AWS HPC Blog

Customizing your HPC environment: building AMIs for AWS Parallel Computing Service

It's pronounced Ah-meeIn the world of HPC, one size rarely fits all. Each organization, each project, and often each researcher has unique requirements for their computing environment. This is where the flexibility of AWS Parallel Computing Service (PCS) shines, particularly in its approach to how it uses Amazon Machine Images (AMIs). When we designed PCS, we made a deliberate choice to not have one “golden image” that customers needed to adapt to.

Custom AMIs are a powerful tool for tailoring your HPC environment in AWS Parallel Computing Service. By carefully considering your requirements, leveraging automation tools, and following best practices, you can create AMIs that perfectly suit your computational needs while maintaining security and efficiency.

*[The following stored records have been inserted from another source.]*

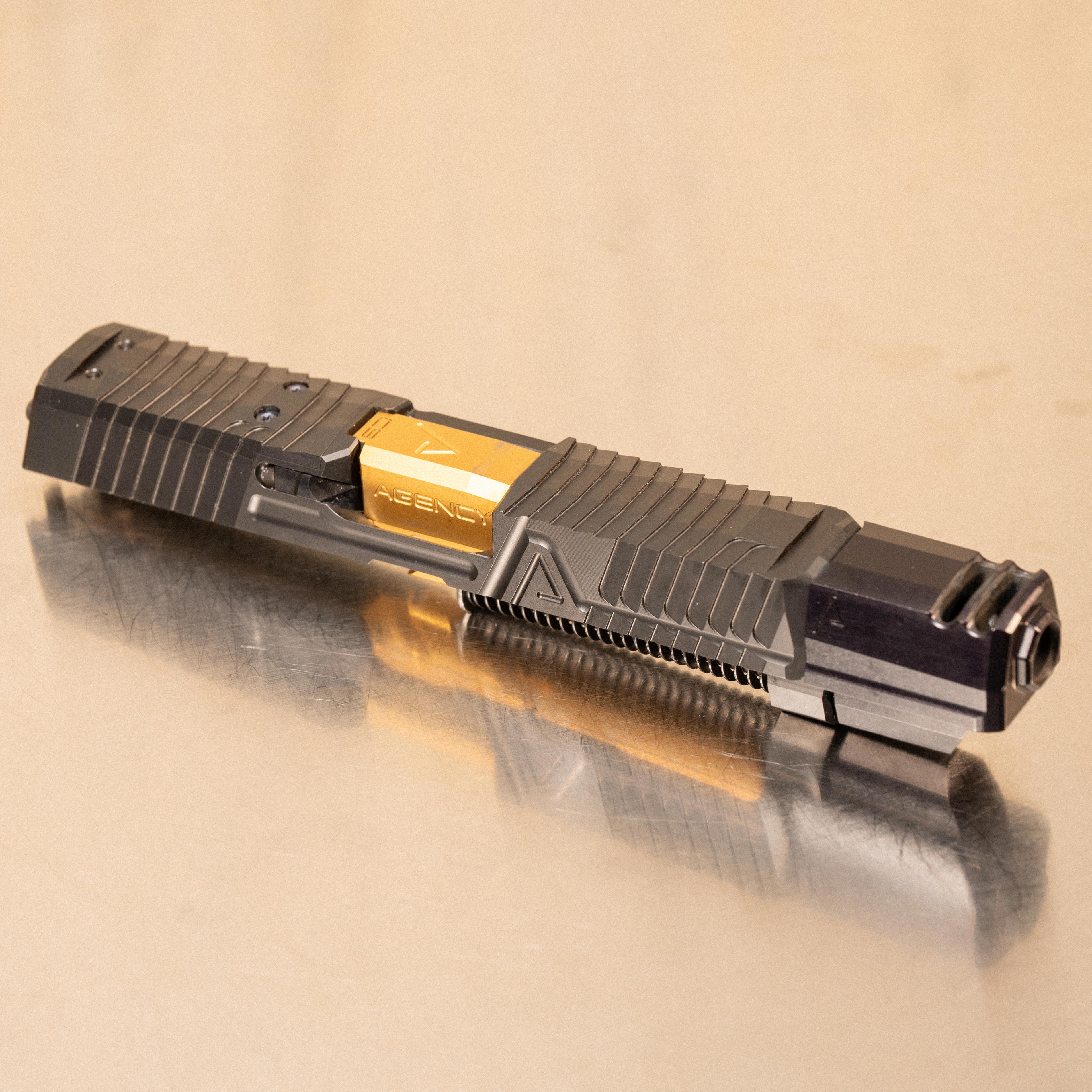The slide is paired with a TiN-coated threaded barrel and a mounted Agency Arms 419 dual-port compensator. This configuration is designed to reduce muzzle rise and improve the return of the firearm during rapid fire. Optics mounting is handled via the Agency AOM system, providing a rigid interface for pistol optics, and this assembly includes an ACRO mounting plate. No additional accessories or original packaging included.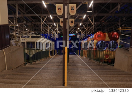 夜の生駒ケーブルの宝山寺駅 鳥居前駅方面(奈良県生駒市)
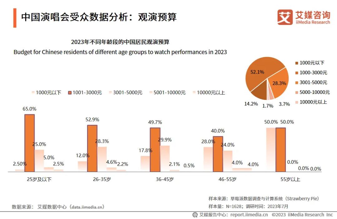 艾媒网数据显示,中国居民观看演唱会的预算集中在1000-3000元之间,其次为3001-5000元。
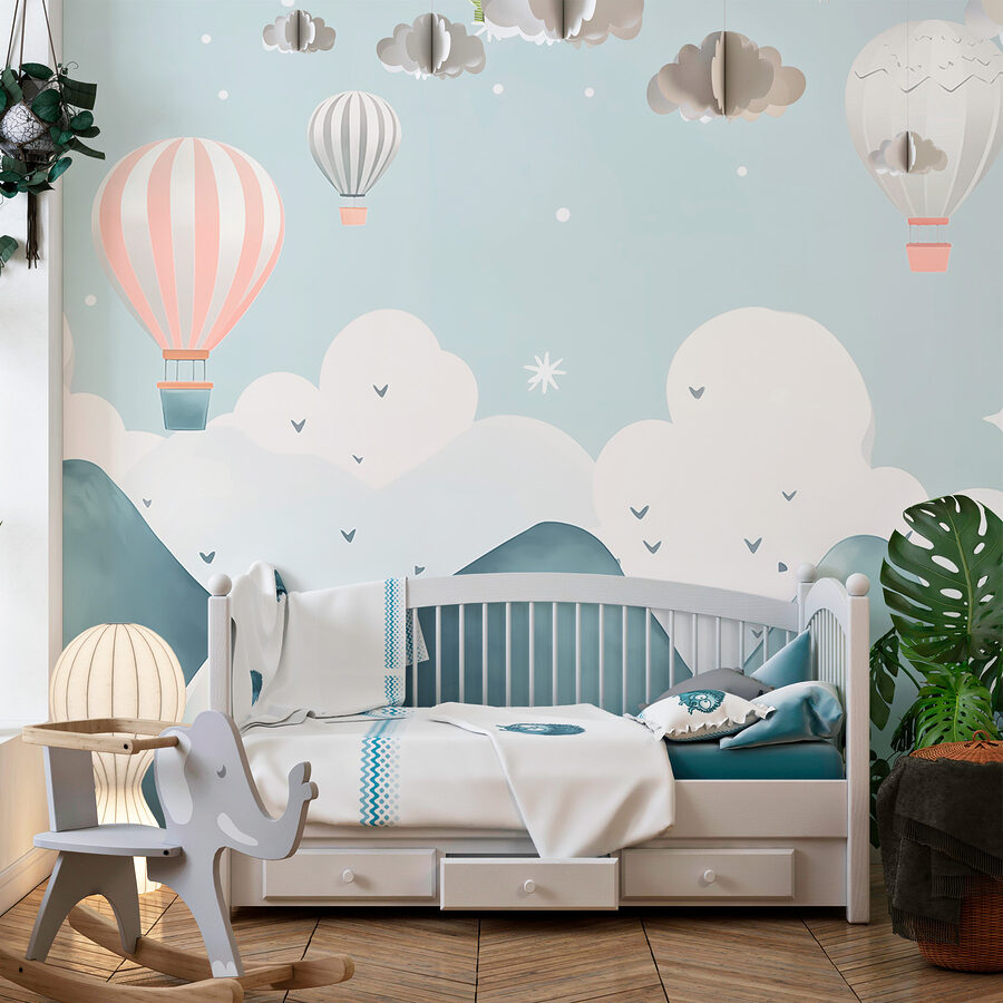Eleve su espacio con este encantador mural que muestra globos aerostáticos flotando graciosamente sobre montañas de ensueño. Imagina despertarte con esta serena escena cada día, ¡es como entrar en una acuarela! Los azules suaves y los toques de color invitan a la calma, por lo que es perfecto para un salón acogedor o un dormitorio tranquilo. Imagínate los domingos perezosos con una taza de café, a la luz del día, mientras sueñas despierto con flotar entre las nubes. Añade un toque de fantasía a tus paredes: ¡puede que te inspire un poco de aventura! Quién sabe, puede que incluso la pared empiece a susurrarte dulces planes de escapada.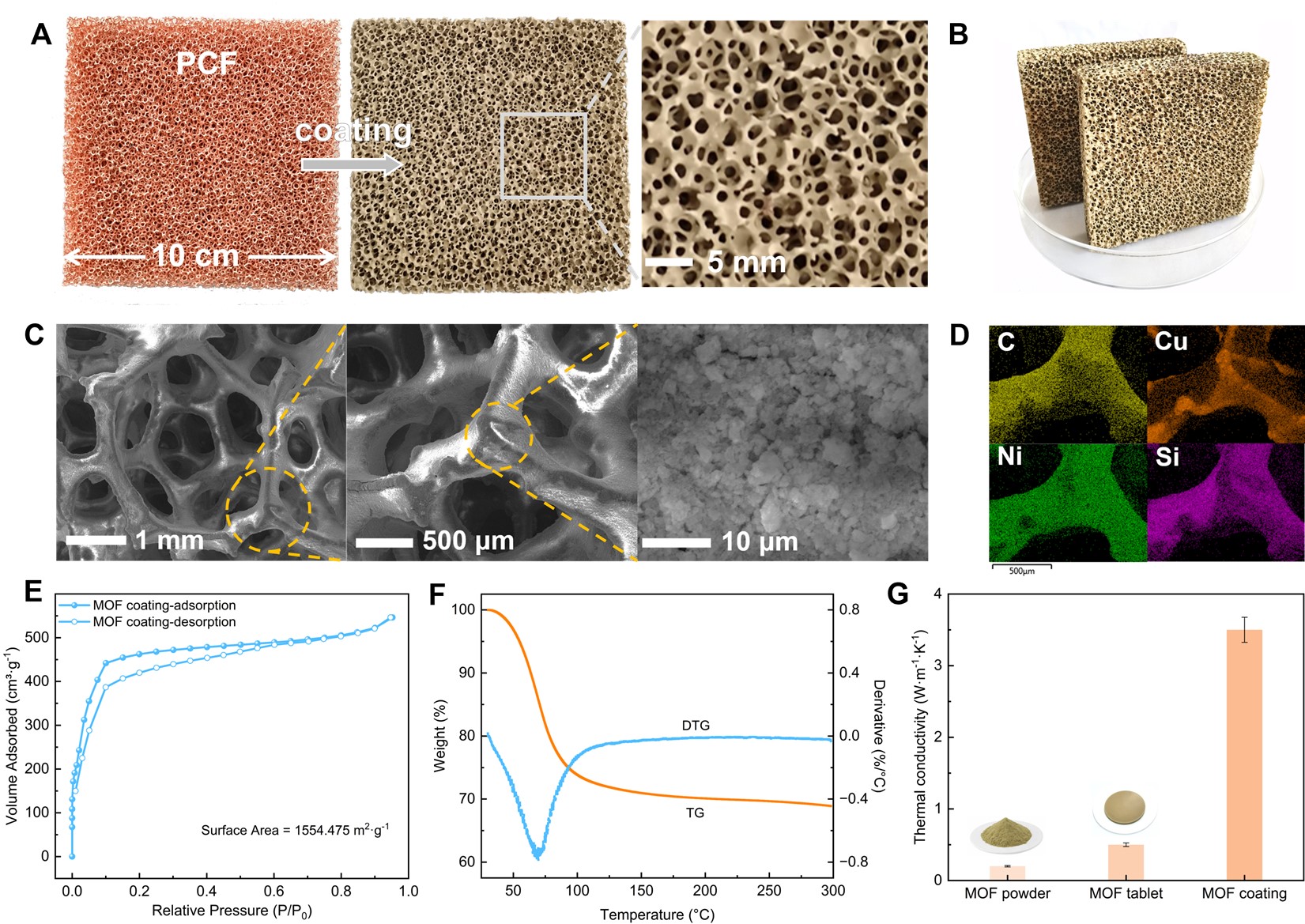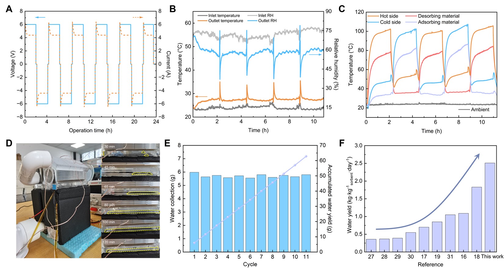 研究团队选用金属有机框架材料Ni2Cl2(BTDD)作为大气水吸附剂,采用原位浸渍法制备得到具有快速水蒸气吸附-解吸动力学特性的MOF涂层吸附模块,设计搭建了一款小型吸附式热电湿泵,采用多循环吸附-解吸同步运行策略以实现连续式空气取水耦合区域湿度调节目标。实验结果显示,装置吸附侧出口空气湿度由72% RH降到58% RH,连续运行11个循环取得2510 mLwater·kg-1MOF·day-1的日产水量,优于现有的大多数主动式空气取水装置,与吸附剂本身的吸湿能力相比,多循环连续运行策略使其吸附性能提升了约3.7倍。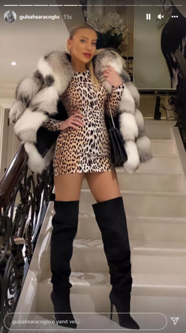 39 yaşındaki ünlü modacı, siyah uzun çizmelerini leopar desenli mini bir elbiseyle tamamlayan bir kürk manto da giydi. Saraçoğlu’nun yayımladığı bu fotoğraf takipçileri tarafından sosyal medyada çok eleştirildi.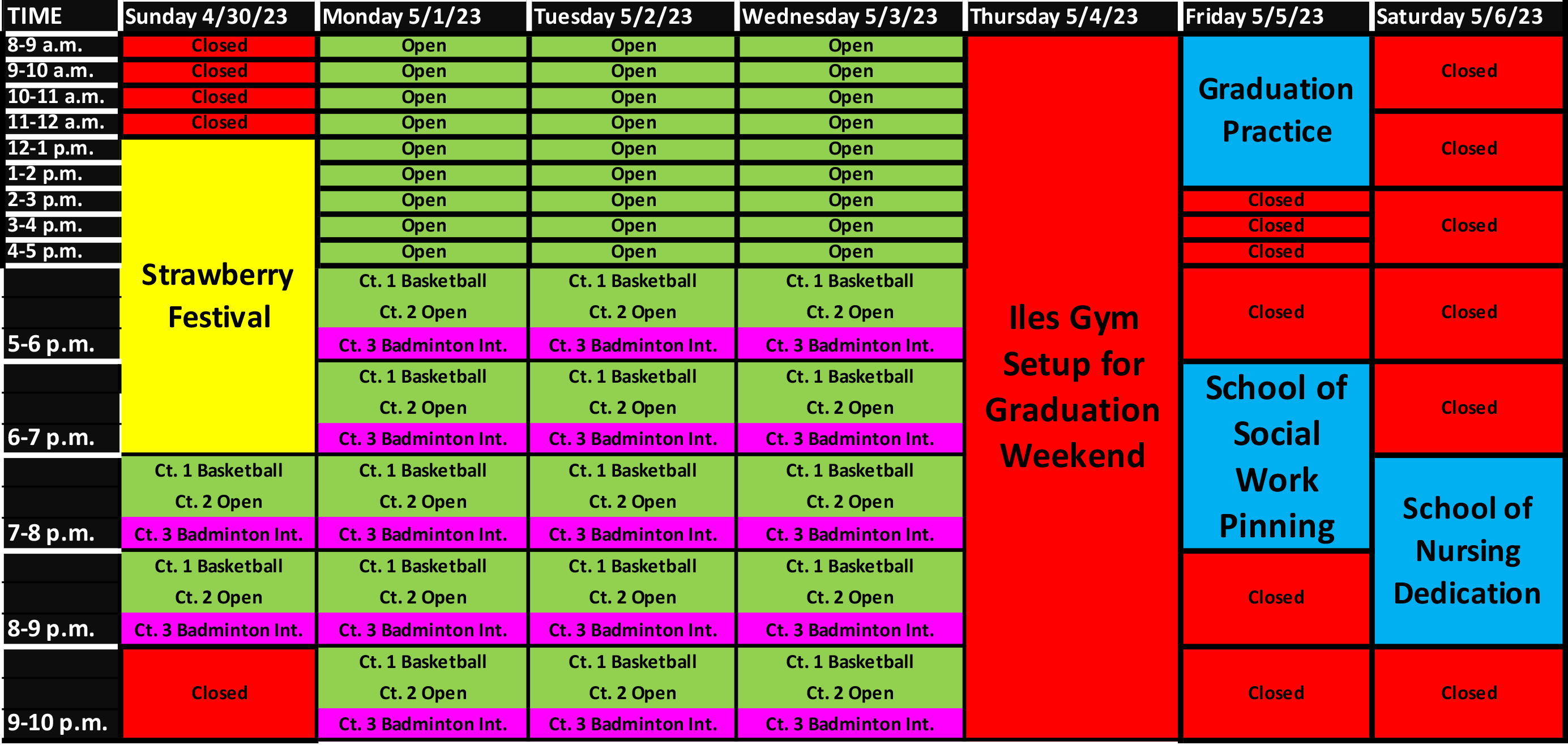 The Iles P.E. Center has full-sized basketball, volleyball, and badminton courts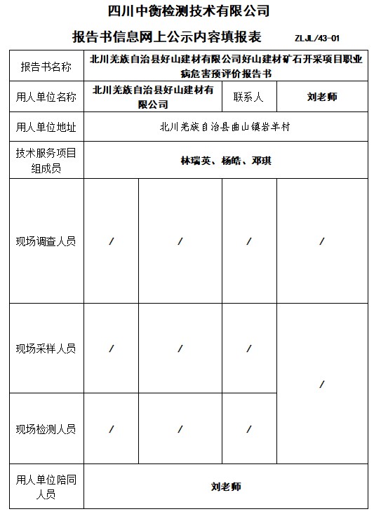 北川羌族自治縣好山建材有限公司好山建材礦石開采項(xiàng)目職業(yè)病危害預(yù)評價(jià)報(bào)告書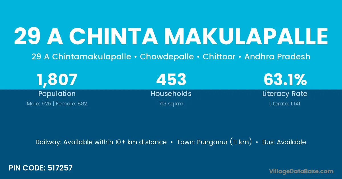 Punganur (11 km) is the nearest town to 29 A Chinta Makulapalle village for major economic activities and is located approximately 11 km away.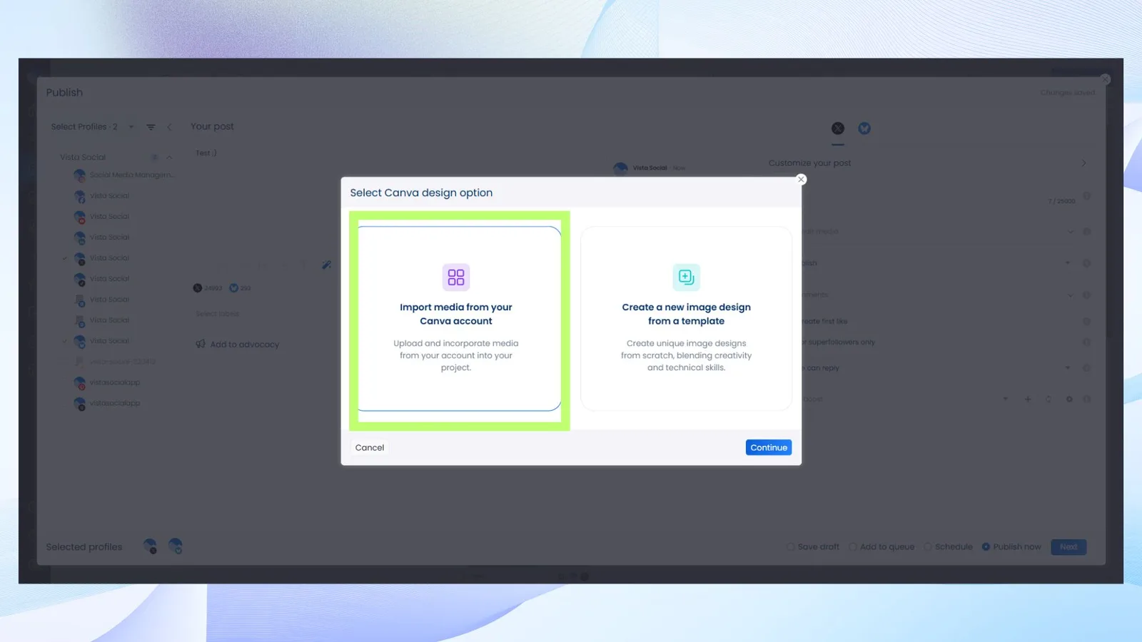 Getting your Canva designs into Vista Social is simple—and takes just a few clicks.

In this post, we’ll dive into why custom AMIs are crucial for PCS, what your options are for creating them, and why mastering this process is key to optimizing your HPC workflows.

Why custom AMIs matter in PCS

PCS takes a “bring your own AMI” approach, and for good reason. HPC environments are incredibly diverse. Just a small number of variables can lead to a … Cambrian level of outcomes.

Operating system preferences – while one team might prefer Ubuntu for its similarity to their data science desktop environments, another may lean towards Red Hat or Rocky Linux for their enterprise compatibility. Other teams might want to start with existing domain-specific AMIs, such as the AWS Deep Learning AMIs or the plethora of community AMIs in the Amazon EC2 AMI catalog.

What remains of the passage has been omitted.